● **RECORDS FOR THIS TASK**
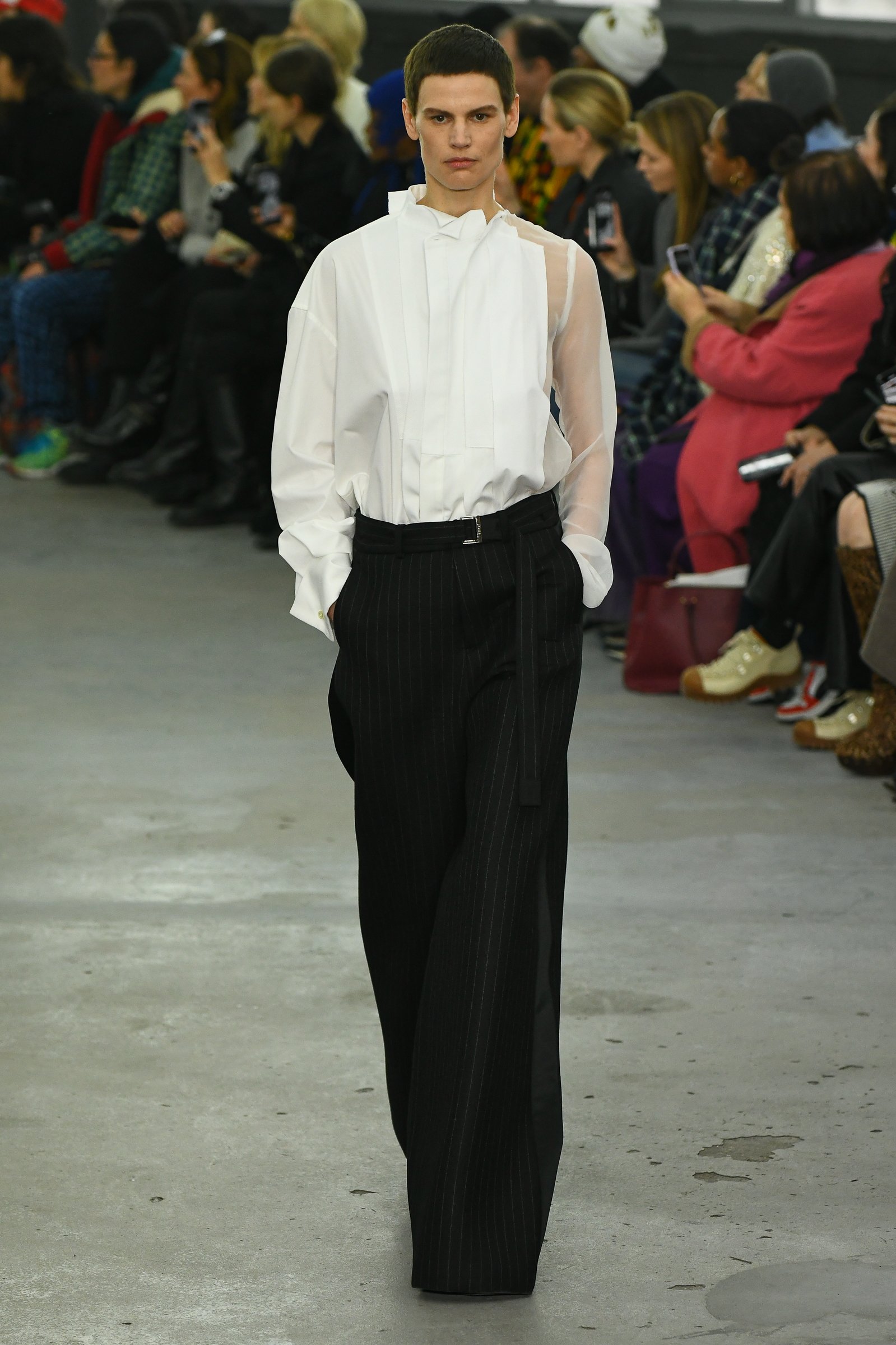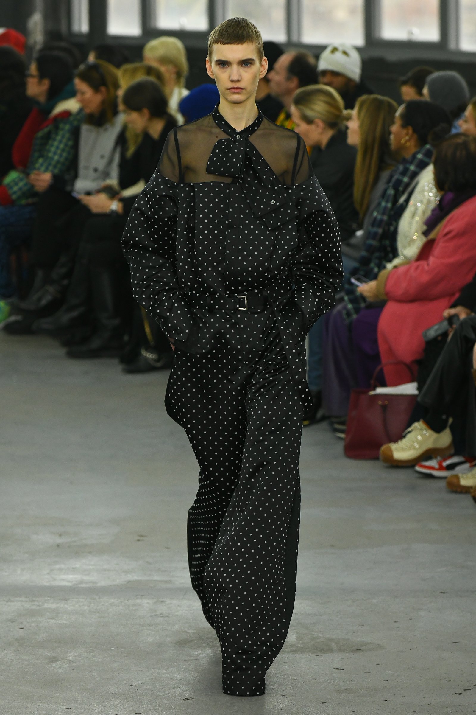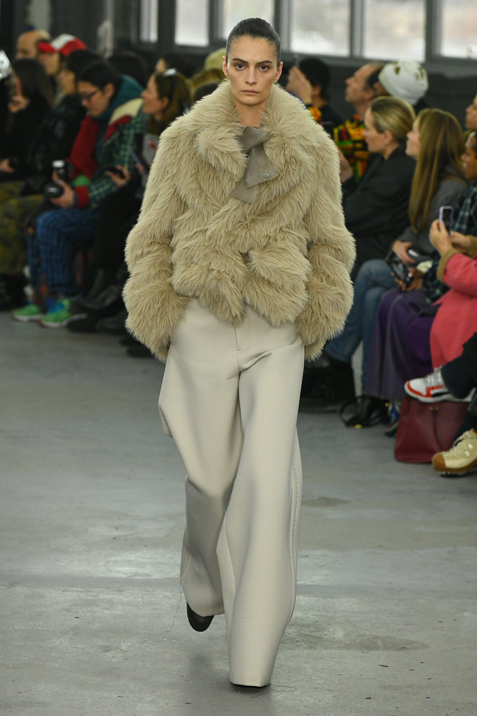 ショー会場となったのはパリ15区、セーヌ川沿いに建つ旧ルノーのガレージ。低い天井と打ち放しのコンクリート、シルバーのボックス型の椅子が、インダストリアルな雰囲気を漂わせる。招待客の中には、昨年「カルティエ(Cartier)」と取り組んだ限定ジュエリーコレクションのヴィジュアルに起用された宇多田ヒカルの姿もあった。
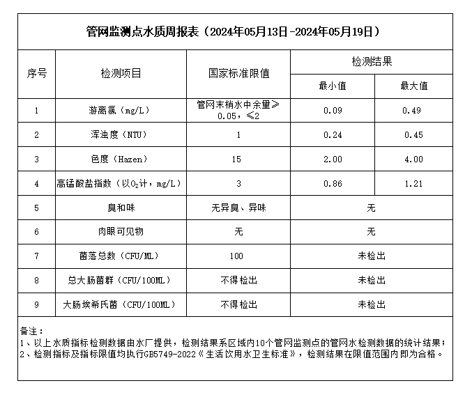 管網(wǎng)監(jiān)測點水質(zhì)周報表(2024年05月13日-2024年05月19日)
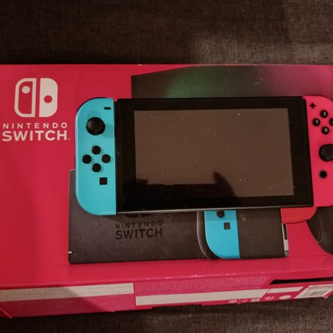 Nintendo Switch pelikonsoli sisältäen Neon Red ja Neon Blue Joy-Con -ohjaimet. Mukana telakka, ohjainten kiinnikkeet, virtajohto, säilytysboxi ja New Super Mario Bros . U Deluxe -peli.
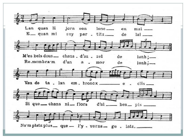 Gli chansonnieres �Sono i volumi contenenti le liriche dei Trovatori e dei Trovieri, testi e musiche. �Le musiche sono scritte su tetragramma e in notazione quadrata. �Probabilmente tale notazione indicava anche il ritmo dei canti, ma la mancanza di una trattatistica sull’argomento ha spinto gli studiosi a formulare diverse ipotesi sulla loro trascrizione in notazione moderna.
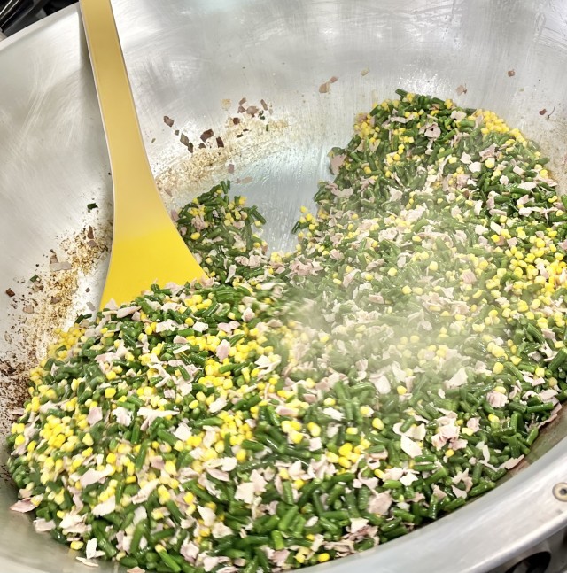 ベーコンとさんどまめのソテーは、ベーコン、さんどまめ、コーンをいため、塩、こしょうで味つけしています。(写真4枚目)
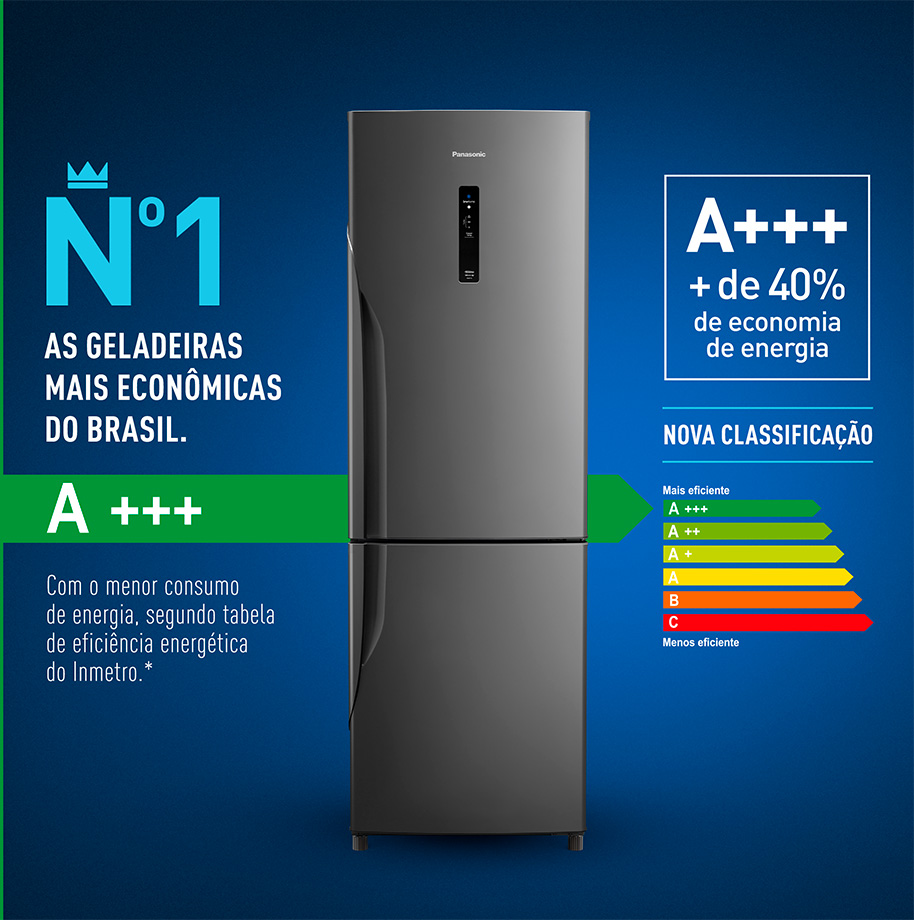 As geladeiras Panasonic possuem a classificação A+++ na tabela de eficiência do Inmetro, economizando mais de 40%² na conta de luz. Com tecnologia Inverter, elas são também mais silenciosas e congelam mais rápido.

● **TASK INSTRUCTIONS**
The records above are to be restated word for word, excluding all pictures.

● **RESPONSE TO THE EXERCISE**
 ショー会場となったのはパリ15区、セーヌ川沿いに建つ旧ルノーのガレージ。低い天井と打ち放しのコンクリート、シルバーのボックス型の椅子が、インダストリアルな雰囲気を漂わせる。招待客の中には、昨年「カルティエ(Cartier)」と取り組んだ限定ジュエリーコレクションのヴィジュアルに起用された宇多田ヒカルの姿もあった。
 管網(wǎng)監(jiān)測點水質(zhì)周報表(2024年05月13日-2024年05月19日)
 Nintendo Switch pelikonsoli sisältäen Neon Red ja Neon Blue Joy-Con -ohjaimet. Mukana telakka, ohjainten kiinnikkeet, virtajohto, säilytysboxi ja New Super Mario Bros . U Deluxe -peli.
 Gli chansonnieres �Sono i volumi contenenti le liriche dei Trovatori e dei Trovieri, testi e musiche. �Le musiche sono scritte su tetragramma e in notazione quadrata. �Probabilmente tale notazione indicava anche il ritmo dei canti, ma la mancanza di una trattatistica sull’argomento ha spinto gli studiosi a formulare diverse ipotesi sulla loro trascrizione in notazione moderna.
 ベーコンとさんどまめのソテーは、ベーコン、さんどまめ、コーンをいため、塩、こしょうで味つけしています。(写真4枚目)
 As geladeiras Panasonic possuem a classificação A+++ na tabela de eficiência do Inmetro, economizando mais de 40%² na conta de luz. Com tecnologia Inverter, elas são também mais silenciosas e congelam mais rápido.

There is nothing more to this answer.